Klar ist: Die Redaktionen müssen sich in ihrer Gesamtheit auf digitale Ausspielkanäle einlassen. Online nebenher zu bedienen funktioniert nicht mehr – und wird in Zukunft erst recht nicht funktionieren. In fünf oder zehn Jahren werden eher die digitalen Ausspielwege im Zentrum stehen – und die Zeitung wird nebenbei gedruckt für die Leser, die das schätzen. Im Digitalen muss man viel experimentieren, Mut für Neues haben – und die eigene Rolle immer wieder diskutieren.
Wie sollten regionale Medienhäuser aus Ihrer Sicht im digitalen Zeitalter große, überregionale Themen angehen?
Es braucht da letztlich zwei Strategien. Zum einen müssen die überregionalen Themen auch in regionalen Medien stattfinden – auch wenn die Leser sie schon aus anderen Medien kennen. Wichtig ist dabei aber, zu erklären, was das Überregionale für die Menschen in der Region bedeutet. Zum anderen sollten regionale Medien auch Themen aus der Region aufgreifen, mit denen sich die große Politik vielleicht befassen sollte.

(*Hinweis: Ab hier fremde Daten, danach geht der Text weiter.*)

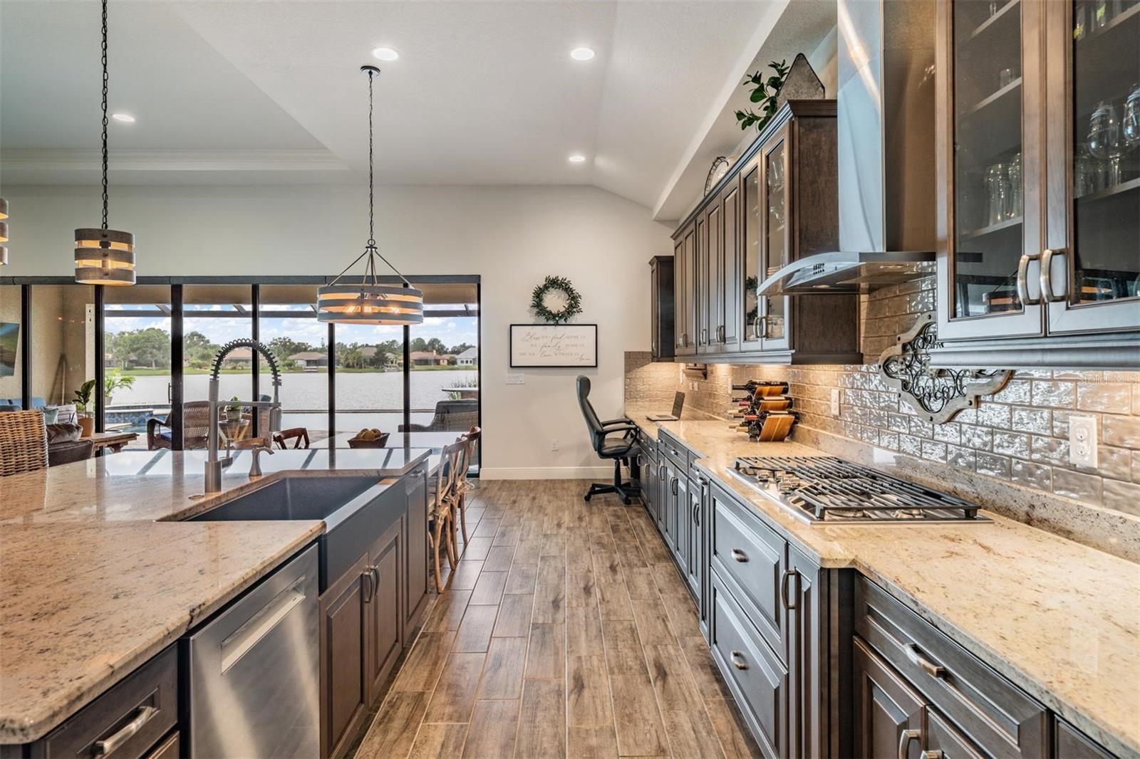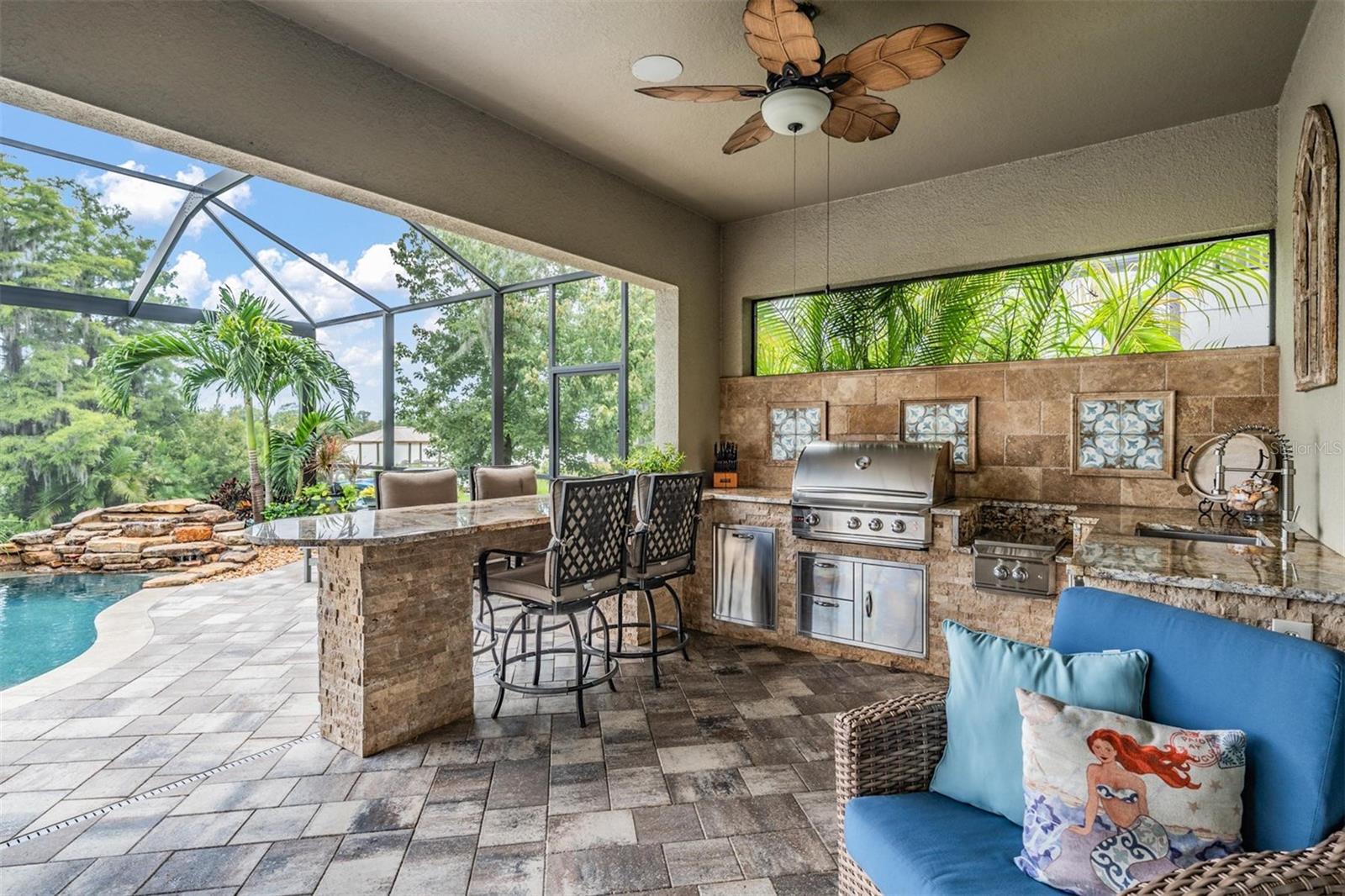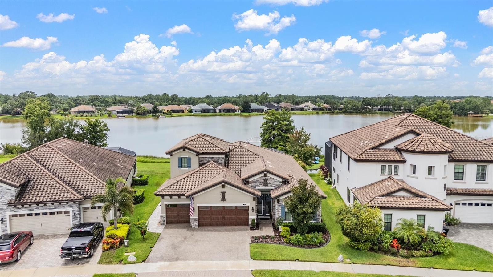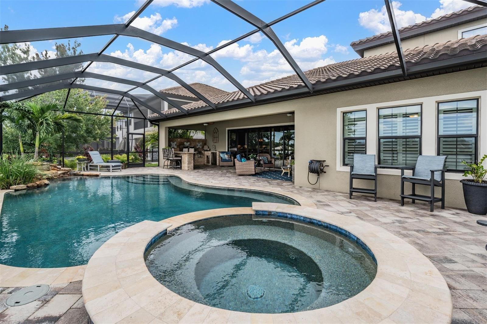 Experience Unmatched Lakefront Luxury in Pristine Lake Preserve! Welcome to this exceptional LAKE FRONT 4-bedroom, 4-bathroom POOL home with a private office and bonus room, located in the exclusive gated community of Pristine Lake Preserve in Land O’ Lakes. Built by WestBay Homes, this over 3,000 sq ft residence is thoughtfully designed to elevate your lifestyle—combining elegant interior spaces, luxurious outdoor living, and direct access to the tranquil waters of Curve Lake. From the moment you arrive, the pavered driveway and sidewalk, mature landscaping, and serene lake views set the tone for what awaits inside. Step through the grand entry into a light-filled, open-concept living space with wood-look plank tile flooring, soaring trey ceilings, and custom finishes throughout. The chef’s kitchen is both beautiful and functional, featuring granite countertops, tile backsplash, top of the line stainless steel appliances, gas range, a large center island and eating space, a built in desk to get your meal planning complete for the week and generous storage. Plantation shutters offer both privacy and style throughout the home. The primary suite is a serene retreat overlooking the pool and lake, complete with a custom walk-in closet system, separate vanities and a make up desk make getting ready for your day a breeze, a rain shower head, and a spacious walk-in shower. Off the main hallway double doors lead to the private office, ideal for working from home with quiet focus. Bedroom 2 is located at the front of the home and features a built-in closet, plantation shutters, and a full bathroom just outside the room—perfect for guests. Bedroom 3 sits in the mid-section of the home, also with a built-in closet and a full bathroom nearby. Upstairs, you'll find Bedroom 4 along with a generous bonus room and full bathroom—ideal for a media space, playroom, or private guest retreat. The 3-car garage includes custom built-in shelving, offering exceptional storage and organization. Step outside and embrace true Florida lakefront living. The backyard is an entertainer’s dream with a natural gas-heated saltwater pool and spa, a custom natural stone waterfall, and a panoramic sunbeam screen enclosure offering unobstructed views of the water. The fully equipped outdoor kitchen features granite countertops, Blaze commercial-grade grill, power burner, refrigerator, and stainless steel drawers. Enjoy evenings by the custom firepit or walk along over 150 feet of TREX decking, seamlessly connecting the lanai to your covered dock with electricity. The deep-water dock is perfect for boating, paddleboarding, fishing, or simply relaxing lakeside with a sunset view. This one-of-a-kind home offers the perfect blend of luxury, functionality, and lifestyle in one of Land O’ Lakes’ most exclusive gated lakefront communities. IT'S NOT JUST A HOME...BUT A LIFESTYLE! **BUYER TO RECEIVE $5,000 LENDER CREDIT - ASK AGENT FOR DETAILS

Können Sie in drei Sätze fassen, was Journalisten aus Ihrer Sicht heute leisten sollen?
Journalisten müssen faktenbasiert gut recherchieren können. Sie müssen offen sein für digitale Formate und Ausspielkanäle. Und damit geht einher, dass sie gegenüber dem Publikum offen und transparent sein müssen.